A German paleontologist had found in those years what was presented to him as a “Dragon tooth” in a pharmacy in Hong Kong.

“It was three or four times larger than that of any great ape. This intrigued him and so the investigations began.says Renaud Joannes-Boyau, professor at Southern Cross University in Australia, one of the main authors of the study published in Nature.

Gigantopithecus blacki barely left behind some jaws and teeth. Hundreds of these fossils were found in caves in Guangxi province, southern China.

Despite ten years of excavations, scientists were unable to determine when the species became extinct and therefore why, explained Professor Yingqi Zhang of the Institute of Paleontology of the Chinese Academy of Sciences, lead co-author of the study.

The disappearing window

Instead of investigating site by site, a team of Chinese, Australian and American scientists worked on a set of 22 caves, some of which had never been excavated before. There they found fossilized teeth, between 2 million and 250,000 years old.

They combined six different dating methods, including luminescence sediment analysis, which allows us to know when these deposits were last exposed to daylight.

They also used dating of pollen remains, which is a valuable indicator of vegetation evolution.

Imaginary portrait of a Gigantopithecus blacki © Garcia/Joannes-Boyau (Southern Cross University) / Southern Cross University/AFP

All this in order to “have a well-defined chronology of the environment of each site, even those where Gigantopithecus blacki stopped appearing,” explains Professor Joannès-Boyau, an expert in geochemistry.

Their results allowed us to determine a “extinction window” of the species: between 295,000 and 215,000 years.

This corresponds to a broad period of glacial cycles called the Pleistocene, when the planet experienced global cooling.

Too specialized

As a result, in the lush rainforests where the colossus thrived, “the appearance of seasons transformed the vegetation and caused periods of fruit scarcity,” explains researcher Kira Westaway, from Macquarie University in Australia, main co-author of the study.

The Gigantopithecus blacki moved alone on the ground, and little by little it saw its food search area decrease and began to feed on bark and small branches.
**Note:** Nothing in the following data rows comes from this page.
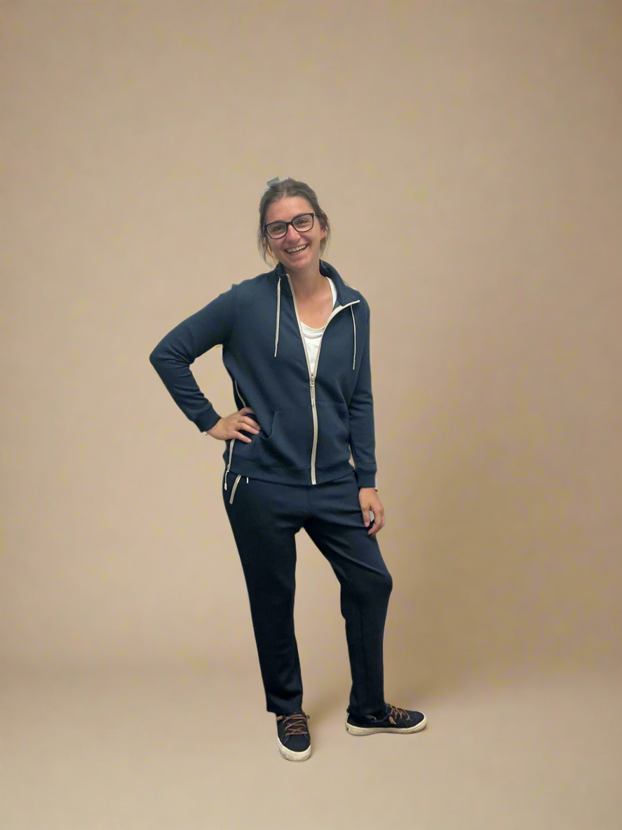 - Versatile navy color that pairs effortlessly with activewear or casual outfits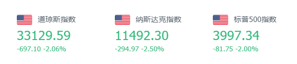 2月21日美股低开低走,三大指数集体收跌,纳指跌2.5%,道指跌2.06%,重挫近700点,标普500指数跌2%,自1月20日以来首次失守4000点整数位,与道指均创去年12月15日以来最差单日表现。标普非必需消费品板块、罗素小盘股和芯片股跌约3%,今年指引不佳的家得宝跌7%施压道指。大型科技股集体下跌,特斯拉跌超5%,奈飞跌约3%,苹果、亚马逊、谷歌、微软跌超2%。中概电商股股价均大跌,京东跌超11%,拼多多跌超9%,知乎跌超8%,阿里巴巴跌超4%。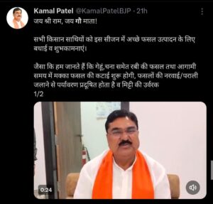 *पूर्व कृषि मंत्री कमल पटेल ने सभी किसानो से किया निवेदन* ..*.किसान खेत की नरवई नही जलाए*. *गौ वंश के लिए भूसा बनवाने और गौ शालाओं में भूसा दान के लिए किसान करे सहयोग*.. …….*पूर्व कृषि मंत्री कमल पटेल ने अपने x हैंडल पर वीडियो पोस्ट किया*…. *(देखे वीडियो)*

“They made a huge mistake by specializing in these emergency foods, very fibrous and less nutritious”Yingqi Zhang detailed in an interview with AFP in Beijing.
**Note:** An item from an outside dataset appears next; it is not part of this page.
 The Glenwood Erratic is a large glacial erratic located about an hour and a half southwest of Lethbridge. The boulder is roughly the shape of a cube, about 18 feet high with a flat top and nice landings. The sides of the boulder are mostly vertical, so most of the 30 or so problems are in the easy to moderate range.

Its too large size slowed down the agility needed to find more varied resources. This disadvantage only got worse as “surprisingly, its size increased” over time, Kira Westaway notes.

The orangutans knew how to adapt their diet and the species endured © ANDI / AFP/Archivos
The orangutans knew how to adapt their diet and the species endured © ANDI / AFP/Archivos

The animal began to suffer “long-term chronic stress”, which is reflected in the teeth. The population gradually declined and the species eventually became extinct.

On the contrary, their contemporaries, the orangutans of the Pongo weidenreichi species, close to Gigantopithecus, resisted: they were smaller and more agile, capable of moving through the treetops to find a more varied diet (leaves, nuts, insects, small mammals, etc.).

That saving versatility grew stronger as his size decreased over time. Gigantopithecus was not the only animal from the Pleistocene megafauna that disappeared.

According to Kira Westaway, “exploring these unresolved extinctions allows us to understand the mechanisms of resilience in large animals, both in the past and in the future, in the face of the threat of a sixth mass extinction” of species.